В конце августа 1015 года, в день Велеса-житника, когда на полях молча жали последний сноп, чтобы не беспокоить душу поля, Святополк устроил в своем дворце особенно веселое празднество. Были приглашены именитые люди Киева, пировала дружина княжеская, гости заполнили всю обширную гридницу. Пришли музыканты и хор певчих, которые величали бога Велеса:
Святополк изрядно выпил, прохаживался между пирующих, был со всеми весел и приветлив. Присел между Бобокой и его женой. Бобока, вытянув длинную верхнюю губу, отчего лицо его приобрело упрямый вид, говорил, угодливо обращаясь к великому князю:
– Ярослав в Новгороде взял вожжи в руки… Тоже мне… Землица там так себе… То ли у нас!..
– Правильно, батюшка, правильно, – поддакивала ему его полнотелая жена. – У нас земли немерено, леса необъятные, пашни и луга обширные. А уж урожаи какие! Не чета северным скудным землям. Так что пусть Ярослав на своих болотах посиживает, да нас не трогает. Чего делить? Каждый князь сиди в своем уделе, как селянин на участке. Взять селянина. Не мешай ему, и урожай у него будет знатный, и скот жир нагуляет!

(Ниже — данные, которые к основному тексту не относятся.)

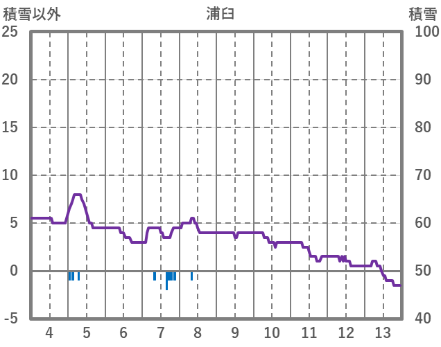| 日 | 時 | 気温 | 降水 | 風向/風速 | 日照 | 積雪 | 降雪 |

– Ярослав не Владимир… Как небо от земли, – твердил Бобока.
– Это часто так бывает, я наблюдала в своем селении, – тотчас подхватила мысль Бобоки жена. – Отец, бывает, видный мужчина, которого все уважают, а дети так себе, мелкота рождается, смотреть не на что. Один такой пытался свататься ко мне, так я его погнала метлой грязной со двора. Тоже мне жених нашелся, прощелыга и свистун!
– Верно рассуждаешь, боярин, – несильно хлопнул Святополк Бобоку по спине. – Не страшен нам Ярослав, пусть хоть со всей ратью приходит, все равно одолеем!
Недалеко сидел Шельма, глаза струили ласку и приторную слащавость. Святополк присел к нему.
– Доволен ли угощением, боярин? – спросил его он.
– Никогда и нигде подобного не вкушал, – ответил тот как можно более проникновенным голосом. – Во всем чувствуется твоя заботливая рука, великий князь!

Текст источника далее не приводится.